Когда они вышли с кладбища, Маркета, казалось, забыла о своем недавнем бессвязном монологе; волна памяти, вызванная световым ветром, поднявшимся среди могил и берез Мальвазинок, похоже, спала в синеватых сумерках, затопляющих улицы. Прокоп проводил Маркету до ее дома, потом пошел к станции метро. Какие-то неуловимые фрагменты слов, что произносила Маркета, трепещущие огоньки свечей на могилах, лохмотья коры на березах и крупицы световой пыли перемалывались у него в мыслях, которые по-прежнему не способны были обрести былую значительность и творческий порыв. Разум Прокопа стал унылым пустырем, усеянным обрывками мыслей, осколками эмоций, клочьями чувств. И сам он был не очень уверен, что плотность его существования намного больше, чем у портретов покойных на надгробных памятниках.
3
Осенним вечером Прокоп ожидал в Страхове двадцать второй трамвай. Моросил дождик.
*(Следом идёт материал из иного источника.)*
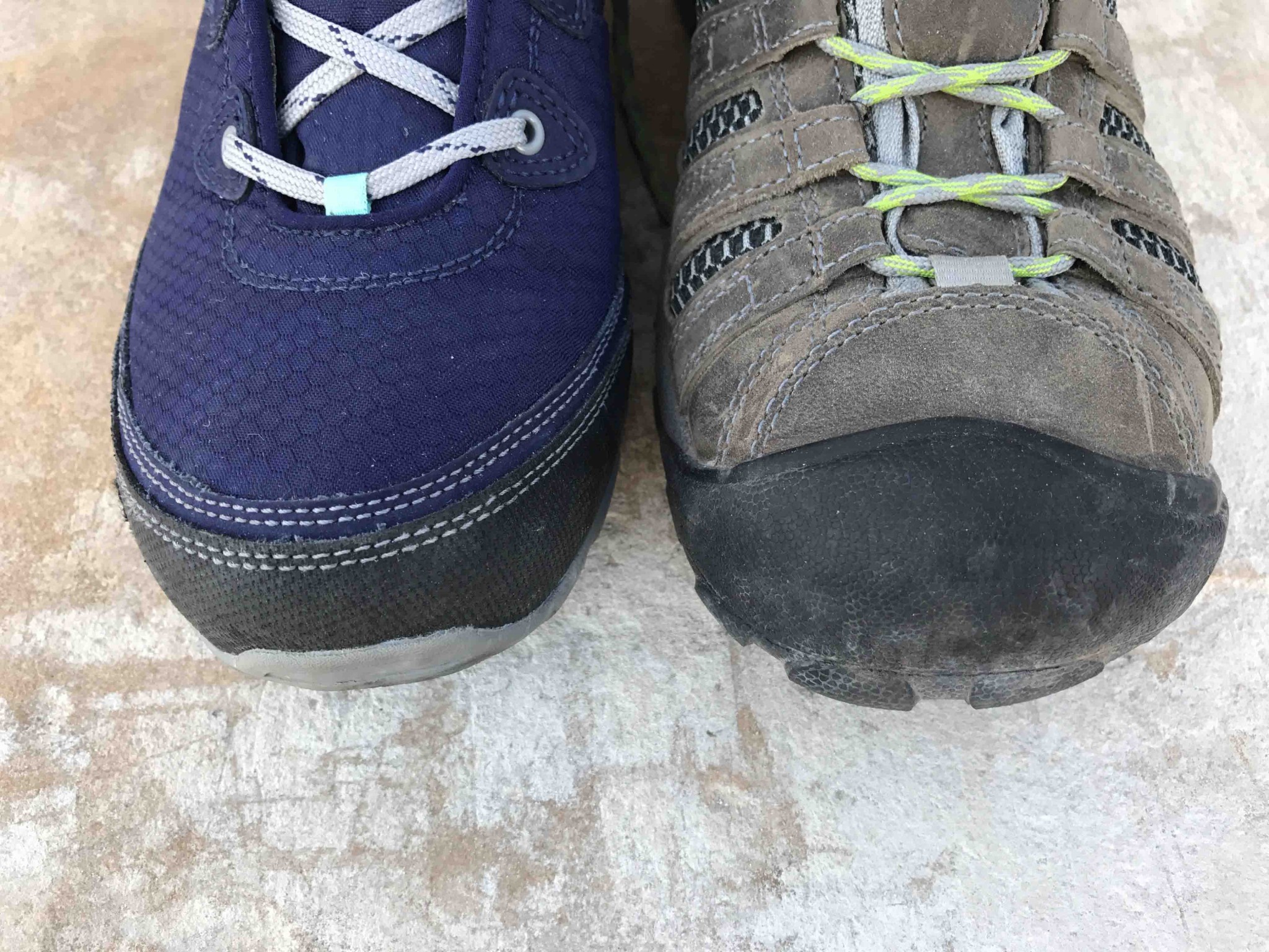 Overall, these shoes seem sturdy and durable. The extra rubber on the toe gives the shoe a “function over fashion” look, but holds up to as much toe-stubbing as the sloppiest hiker can manage. However, the first thing to wear out is the exposed EVA foam on the sole, which is fragile compared to the bottom rubber.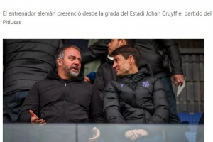 体育资讯1月4日讯 西班牙《每日体育报》报道,当地时间周日,巴萨主帅弗里克趁着一线队休假的空档与巴萨体育副主管博扬一同前往约翰·克鲁伊夫球场,现场观看了西协乙巴萨竞技队(巴萨B队)4-0大胜伊比萨岛的比赛。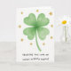 This design shows a large four-leaf clover painted in soft green washes, with heart-shaped leaves that lean toward each other like close friends sharing a quiet moment 💚. Fine vein lines radiate from the center, giving the leaves a gentle, lived-in look. The clover sits centered on a bright white background, making the green stand out without feeling loud. All around it, tiny gold stars are scattered like sprinkled confetti, catching the eye with a glittery look ☘️. The stars float loosely above and to the sides, as if drifting in a light breeze around the clover. Near the bottom, the message “SENDING YOU LOTS OF LUCKY WISHES TODAY!” appears in a friendly black hand-drawn style, stretching across the width and anchoring the page. The overall layout keeps plenty of open space, with the green clover in the middle and the gold stars dotted around it on the white field.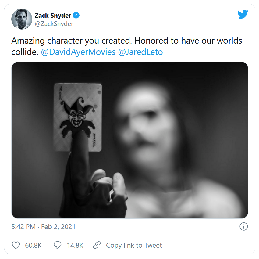 Zack Snyder, conscient des espoirs que cristallise sa version de Justice League, communique énormément sur ce grand événement cinématographique et télévisuel de l'année 2021. Le 2 février, le réalisateur de Watchmen et de Sucker Punch a partagé sur sa page Twitter une photo du Joker, qui laisse entendre qu'il aura un nouveau costume dans le Snyder Cut.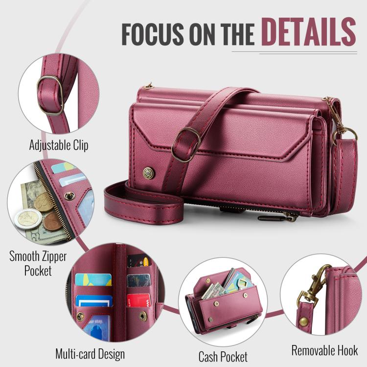 Funda de Cuero Antirrobo Caseme C36 para Samsung Galaxy S25 5G con Ranuras y Cremallera (Rojo)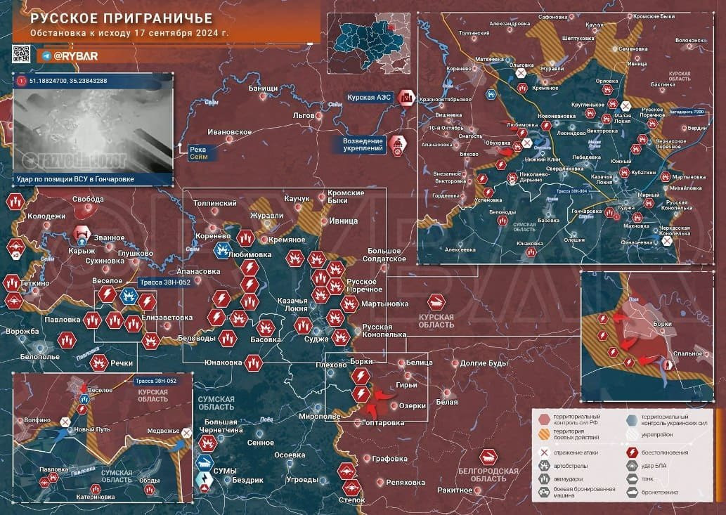 Свежая карта боевых действий в Курской области от 18.09.2024. Ожесточенные бои идут в Кореневском районе. Обстановка в приграничье на сегодня
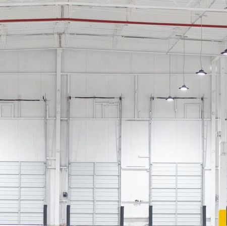 Andenes: 3 andenes deprimidos para tráiler de 53 pies con nivelador mecánico, (30,000 lbs.), bumpers y puertas de andén.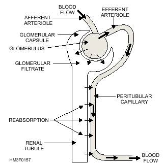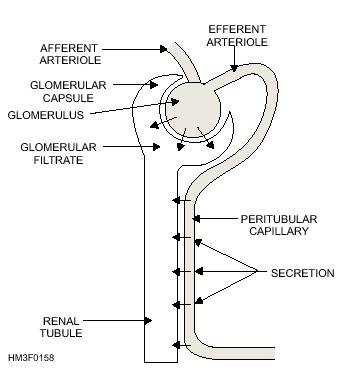 REABSORPTION.-As glomerular filtrate passes through the renal tubule, some of the filtrate is reabsorbed into the blood of the peritubular capillary (fig. 1-57). The filtrate entering the peritubular capillary will repeat the filtration cycle. This process of reabsorption changes the composition of urine. For instance, the filtrate entering the renal tubule is high in sugar content, but because of the reabsorption process, urine secreted from the body does not contain sugar. SECRETION.-Secretion is the process by which the peritubular capillary transports certain substances directly into the fluid of the renal tubule (fig. 1-58). These substances are transported by similar mechanisms as used in the reabsorption process, but done in reverse. For example, certain organic compounds, such as penicillin and histamine, are secreted directly from the proximal convoluted tubule to the renal tubule. Also, large quantities of hydrogen ions are secreted in this same manner. The secretion of hydrogen ions plays an important role in regulating pH of body fluids. The glomerulus filters gallons of blood each day. It is estimated that 2,500 gallons of blood pass through the kidneys in 24 hours, and about 80 gallons of glomerular filtrate. All the water from this filtrate is reabsorbed in the renal tubules except that containing the concentrated waste products.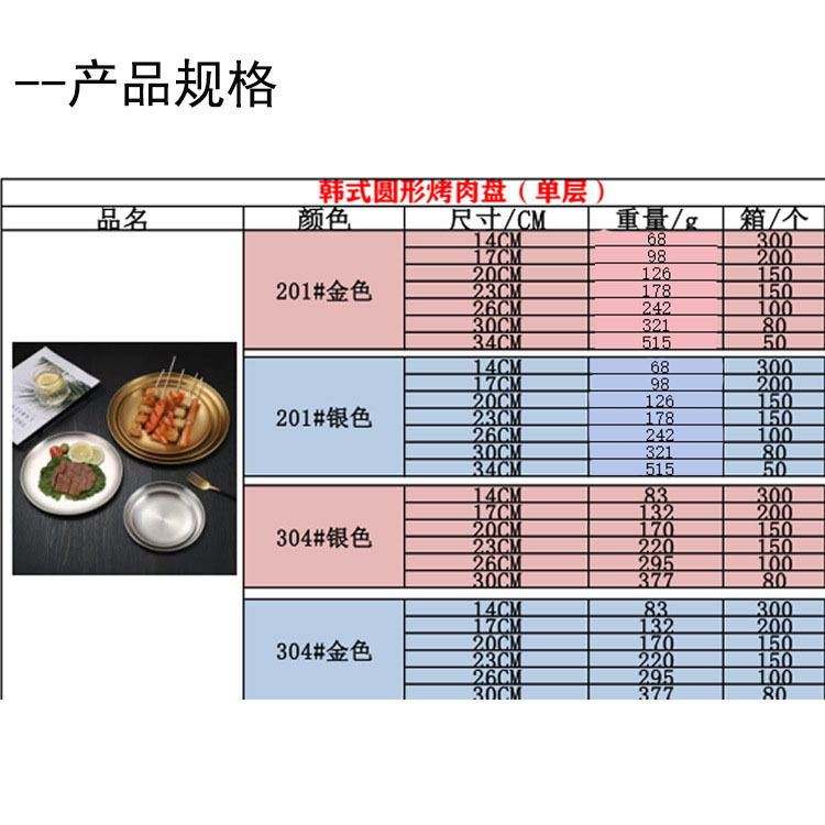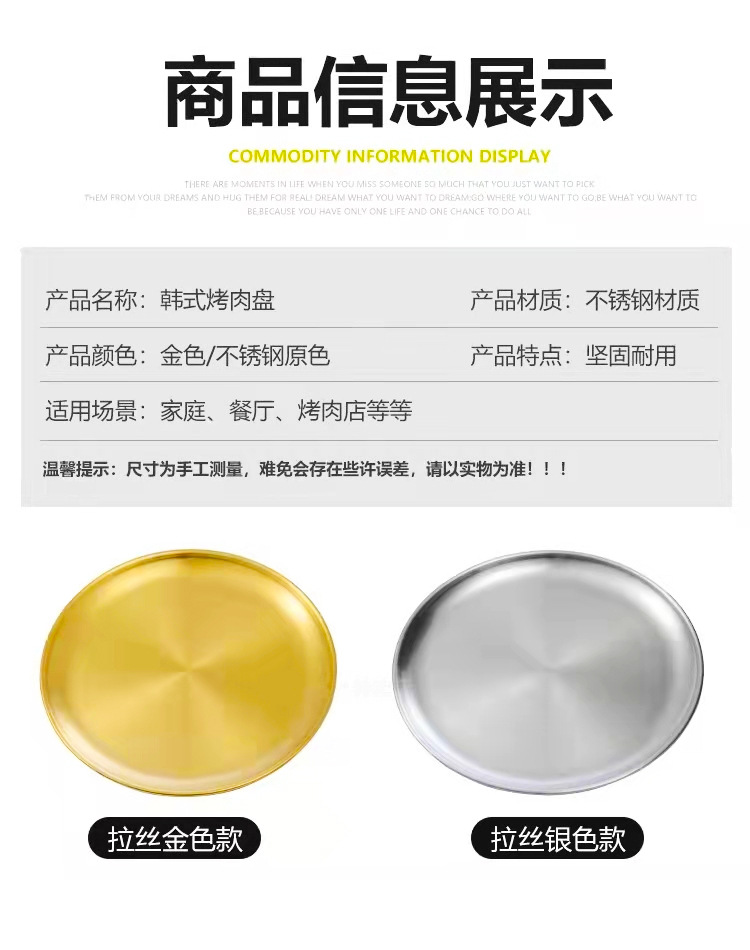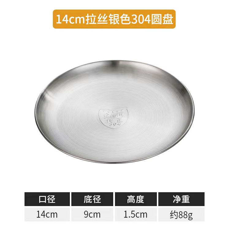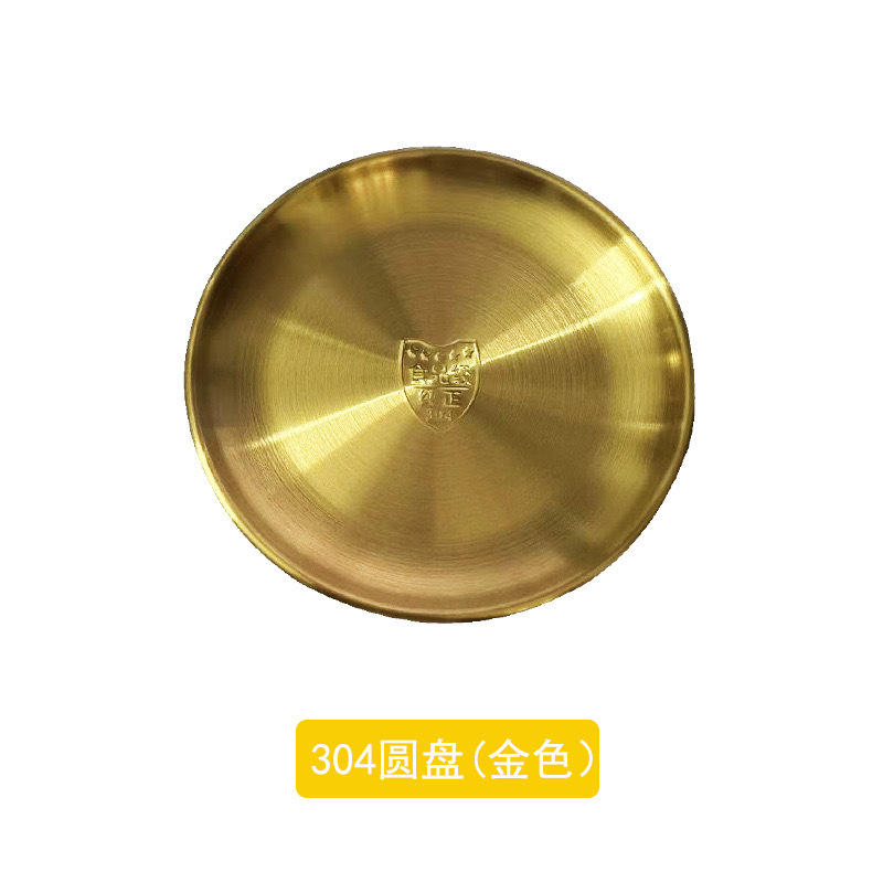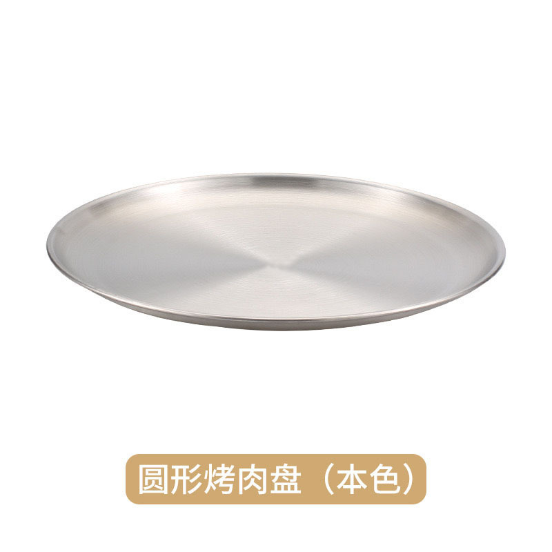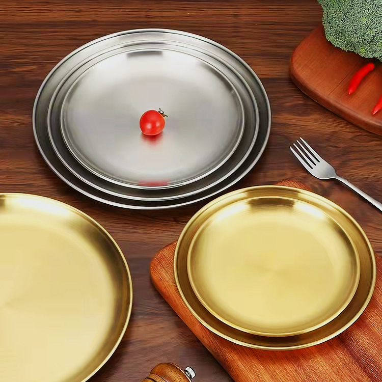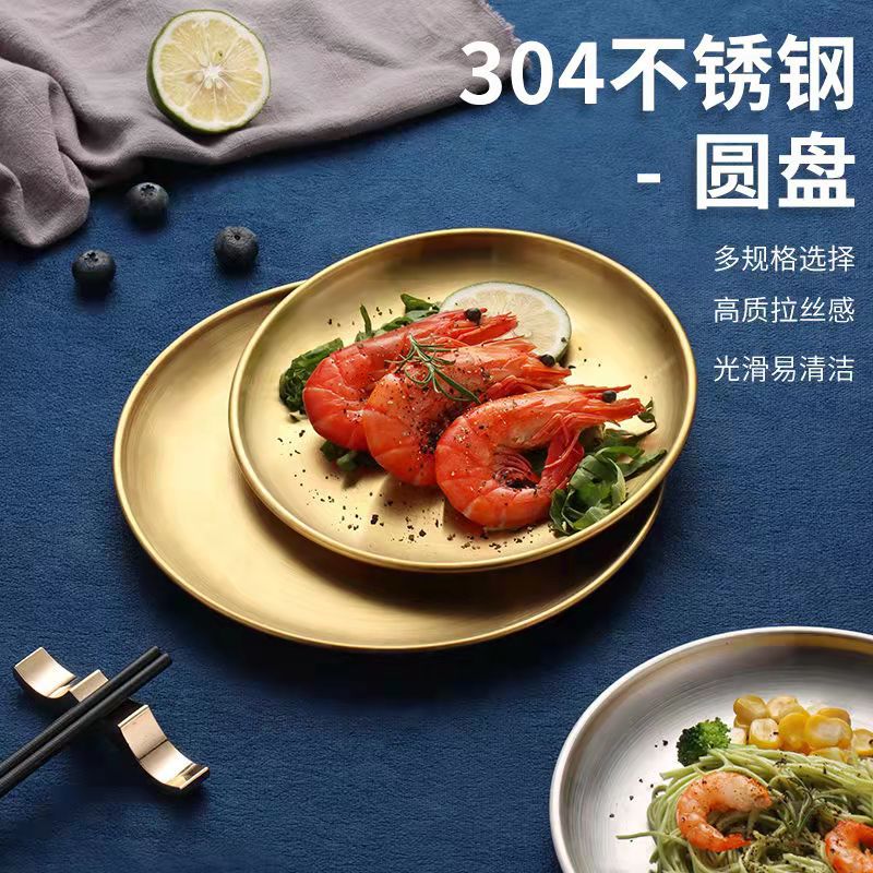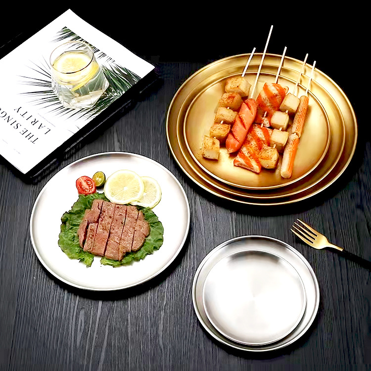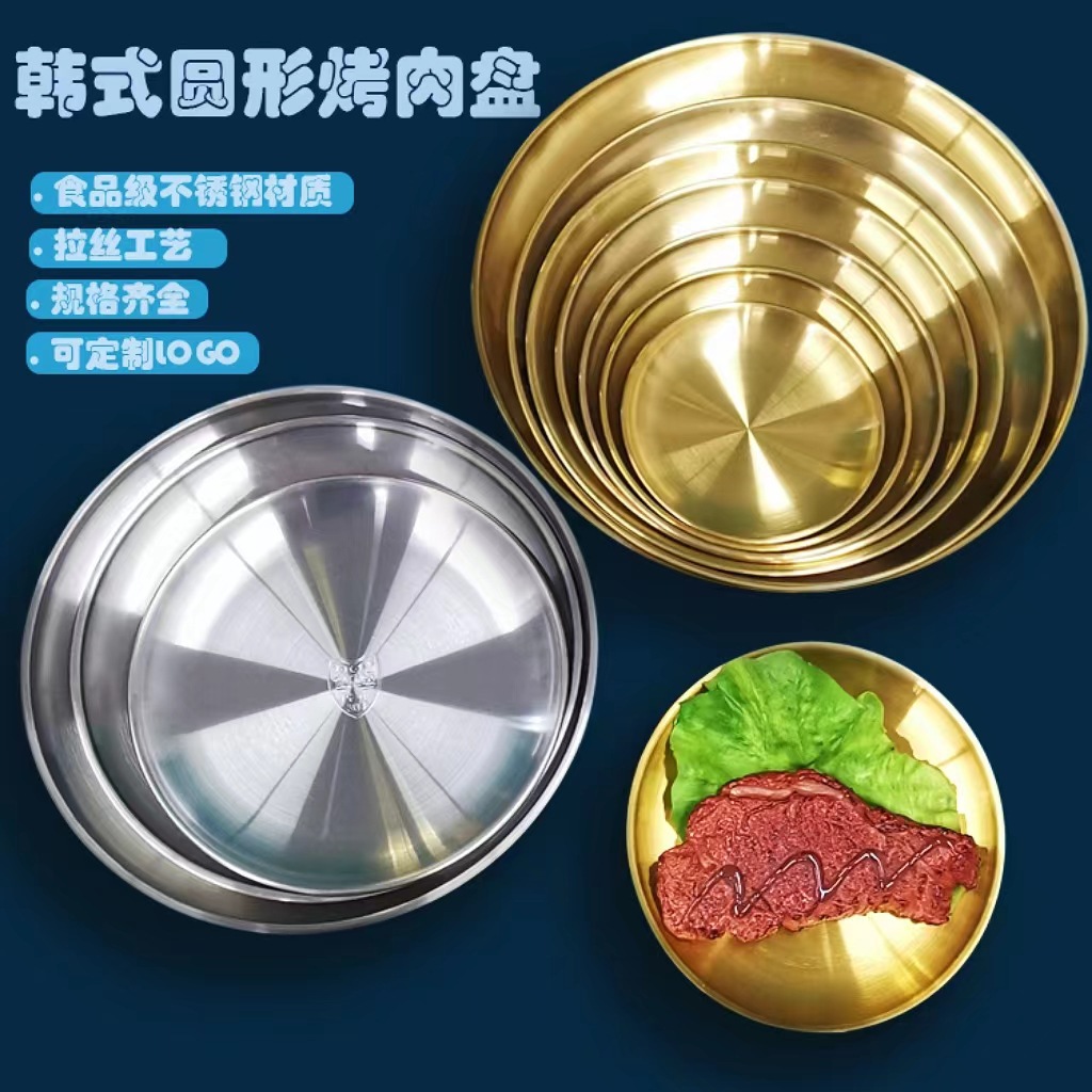 한국식 원판 황금 과일 접시 케이크 접시 얕은 접시 뼈 접시 와이어 드로잉 플레이트 304 스테인레스 바베큐 접시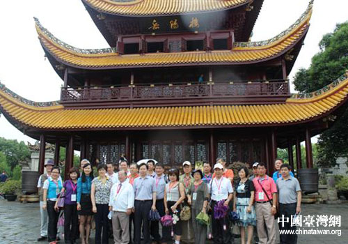 高雄市新聞參訪團(tuán)與湖南省臺(tái)辦、岳陽市陪同領(lǐng)導(dǎo)在岳陽樓前合影。(圖片來源:岳陽市臺(tái)辦)
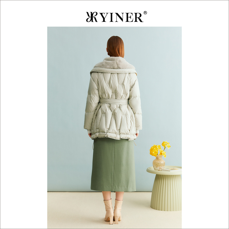 YINER音儿冬季女装不规则法式含绵羊毛设计感系带半身裙

Во влажной мгле горделиво вытягивали шеи статуи Тихо Браге и Кеплера. В отличие от них, Прокоп свою шею зябко втягивал в воротник куртки. Он перешел на другую сторону улицы и в ожидании бродил взад-вперед по тротуару. Прошел мимо обоих астрономов, навечно застывших в созерцании хода планет, и остановился перед гостиницей «Савой». Здание сносили, от него остался только фасад, окна которого слепо глядели в пустоту; в их проемах поблескивали капли дождя. У Прокопа столько воспоминаний было связано с этим заведением. Было это еще во времена Марии. Он задумался, куда подевались духи-хранители этого места, после того как разворотили их обиталище; может, залегли в землю под новый фундамент, а может, бежали в пока еще девственные, нетронутые места, подальше от людей, разоривших дом, которому они дарили благодетельную защиту? А возможно, лары гостиницы «Савой» укрылись неподалеку отсюда в Львином Рве и унесли с собой туда клочья воспоминаний, и, может, среди этих лохмотьев памяти сохранились фрагменты взгляда, улыбки, тела Марии. Духи-хранители мест, они ведь так же эфемерны, как блуждающие огоньки, как людские поцелуи; они как бледные язычки пламени, истаивающие в болотной тине, едва успев покружиться на солнце.
Прокоп вернулся к остановке. Раздалось железное дребезжание, свидетельствующее о приближении трамвая. Подъехавший «двадцать второй» шел в противоположную сторону. Почти пустые его вагоны со скрежетом влекли наполняющий их бледный свет сквозь туман. Трамвай остановился. Во втором вагоне, прислонясь к окну, стоял мужчина. Он был в темно-серой куртке и зеленой вельветовой кепке. И он играл на саксофоне. Верхняя часть его корпуса раскачивалась вместе с вагоном, между тем как голова чуть поднималась и опускалась в такт музыке, а пальцы быстро пробегали по клапанам инструмента. Прокоп стоял на тротуаре и смотрел сквозь стекло на саксофониста. Он узнал Виктора. Они не виделись уже года два. Виктор его не заметил, он играл, закрыв глаза.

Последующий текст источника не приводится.